To mitigate the insider threats in two ways:
- Contractually - negotiate agreements related to privacy, security,
and reliability, even though, it may increase costs (Information Disclosure).
- Cryptographically - encrypting data on a cloud storage and when
transferring through the network channel (Information Disclosure).
- Isolate the management network from tenants’ networks
(Information Disclosure, EoP).
Co-tenant threats:
- Another tenant might try to escape a VM and take over the host (EoP).
- Getting access to shared resources such as storage, network, and so on
(EoP, Information Disclosure, Availability, Tampering).
- Another tenant might be taken over to run a DoS attack
(EoP, Spoofing, DoS).
- Brute-force and dictionary attack (EoP).
- Shared cloud provider’s infrastructure such as:
- A shared mail service may lead to spear-phishing attacks from
one tenant to another (Spoofing),
- A shared DNS service may led to DNS poisoning attack (Spoofing, Tampering)
- A shared Web service such as cloud admin web interfaces may be a source
of XSS, CSRF, SQL injection, and so on attacks. (EoP)
To mitigate co-tenant threats:
- Provide cloud separation.

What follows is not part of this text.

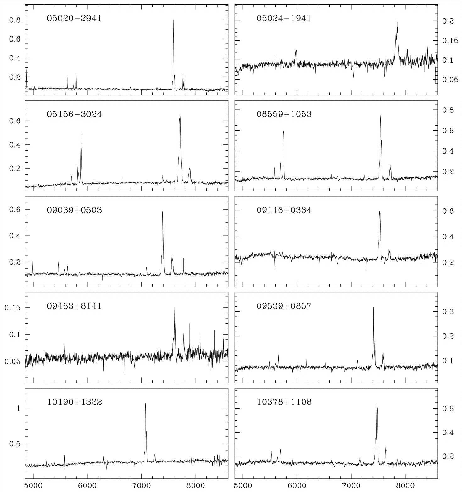 Optical spectra of the ULIGs in the KPNO sample—﹩f_{\lambda }﹩ vs. λobserved. The units of the vertical axis are 10−15 ergs s−1 cm−2 Å−1, and the wavelength scale is in angstroms.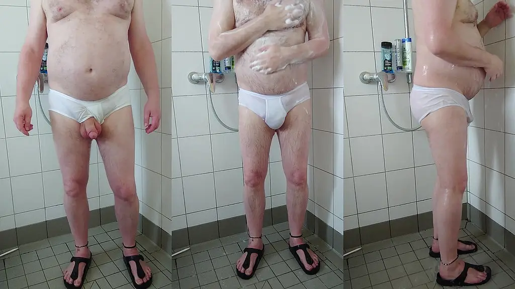 NylonjungeDraußen war es wunderschön und ich war in meinen Birkenstock Sandalen und der weißen Unterhose auf einen Spaziergang unterwegs. Völlig verschwitzt und mit voller Blase kam ich wieder daheim an und werde jetzt Duschen. Um Abwasser zu sparen stelle ich mit der weißen Unterhose ins Badezimmer und lasse einfach meinen Urin sprudeln. Der Natursekt tränkt den Slip, läuft an den Beinen hinab und sammelt sich in den Latschen. Danach wird geduscht - alles schön Einseifen inklusive der Unterhose und so kann er auf die Leine zum Trocknen und für den nächsten Tag bereit sein. Abspülen der Seife natürlich nicht vergessen und dann auch den molligen Körper abtrocknen.

Use Host Aggregation and Availability Zones
to separate VMs with different security level. (EoP, Tampering,
Information Disclosure, Availability)
- Use nodes from Trusted Computing Pool based on Intel TXT - a technology
designed to harden platforms from the emerging threats of hypervisor attacks,
BIOS, firmware attacks, malicious rootkit installations, or other
software-based attacks (EoP).
- Brute-force protection. Lock out an attacker’s logins after repeated
failures (EoP).
- Change default passwords (EoP).
- Use network IDPS to monitor and detect anomalies in management and tenants
networks (Information Disclosure, EoP).